If you get a circle in the Zener test, what are the odds that the next card will also be a circle? They are still 1 in 5 (assuming an infinite number of 'cards' is available, as in the online version). That's because the identity of the last card does not affect the next one. This makes it easy to calculate the odds of getting a series of cards right. That's because (a) there are only five variants of card and (b) the subject knows what each of them is.
Point (b) may seem trivial but it isn't. If you guessed the next card was a picture of a sword then your chances of being right would be precisely zero, because there is no such card in a Zener deck. The importance of knowing all the possible targets will become more obvious later in this discussion.
Sample size and negative hits
It is a boring fact of statistics that the larger the sample size, the closer your overall score will come to the predicted chance odds. So, if you guess 10 Zener cards and get 3 right it might sound impressive but it isn't, because the sample (10) is very small, statistically speaking. If, however, you guess 100 cards and get 25 right that is impressive (the predicted number you will get correct by chance is 20). There are statistical equations you can use to work out the odds against getting a particular score, given the sample size and the odds, but we are not really concerned with the maths here.
Another important concept is 'negative hits'. If you guess 100 cards and get 15 right, it sounds bad because you should get 20 right even by pure chance. However, it is actually impressive because it implies that you may be able to predict the cards somehow and then 'deliberately' say the wrong one. It is counter-intuitive but very low scores are as impressive as high ones. It is the degree to which your score differs from chance expectation, either way, that is important.

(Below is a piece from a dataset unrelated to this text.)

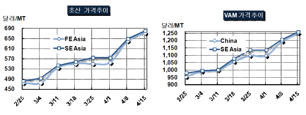 Celanese가 초산 가동을 중단하면서 다운스트림 VAM(Vinyl Acetate Monomer) 30만톤 플랜트도 멈춰 중국 내수가격이 톤당 350위안 오른 8850위안을 형성했으며, 4월14일 CFR China도 전월대비 200달러 가까이 오른 1247.5달러를 나타냈다.

So, if someone consistently beats the odds with Zener cards in controlled conditions, it implies that they may be using psi. It has been found experimentally that subjects who score reasonably well at first often get poorer results over time. Some would argue that this shows that they have no psi ability - that the scores are trending towards chance levels as you would expect as the overall sample size increases (see above). The fact that they did well at first is, in this scenario, mere chance in itself.
However, others argue that the reason for the decline is that card guessing tests are boring. Worse, card guessing is far removed from the circumstances where psi is said to manifest in the real world (such as in psychic readings). So new, more complex, tests have been devised over the years to make the tests more like real life psychic events.
The circumstances where psi is said to act in real life are generally very complex, making them hard, if not impossible, to evaluate satisfactorily. They are 'complex' in that they involve many variables, some of which are difficult or impossible to quantify.
For example, if a psychic gives the correct first name of someone's relative in a reading, what are the odds of them doing that by pure chance? It is almost impossible to say because of the many factors involved, most of which will not be known precisely at the time. For instance, one factor would be how common the name is for the age group and population concerned. Another factor would be often the psychic would think of that name if asked to imagine one randomly. These factors are difficult to quantify or measure.
As it is difficult, or impossible, to quantify such factors, it is impossible to say what the odds are of the psychic getting someone's name right by random chance. We might be impressed by such a feat but we cannot really say how unlikely it is.
It is often claimed that psi operates at an emotional level. Information is passed, maybe via a psychic, using paranormal channels because it is emotionally important to the person receiving the message.
In an attempt to engage the emotions, picture guessing has been tried as an alternative to Zener cards. Pictures can be emotive and far more interesting than five simple designs.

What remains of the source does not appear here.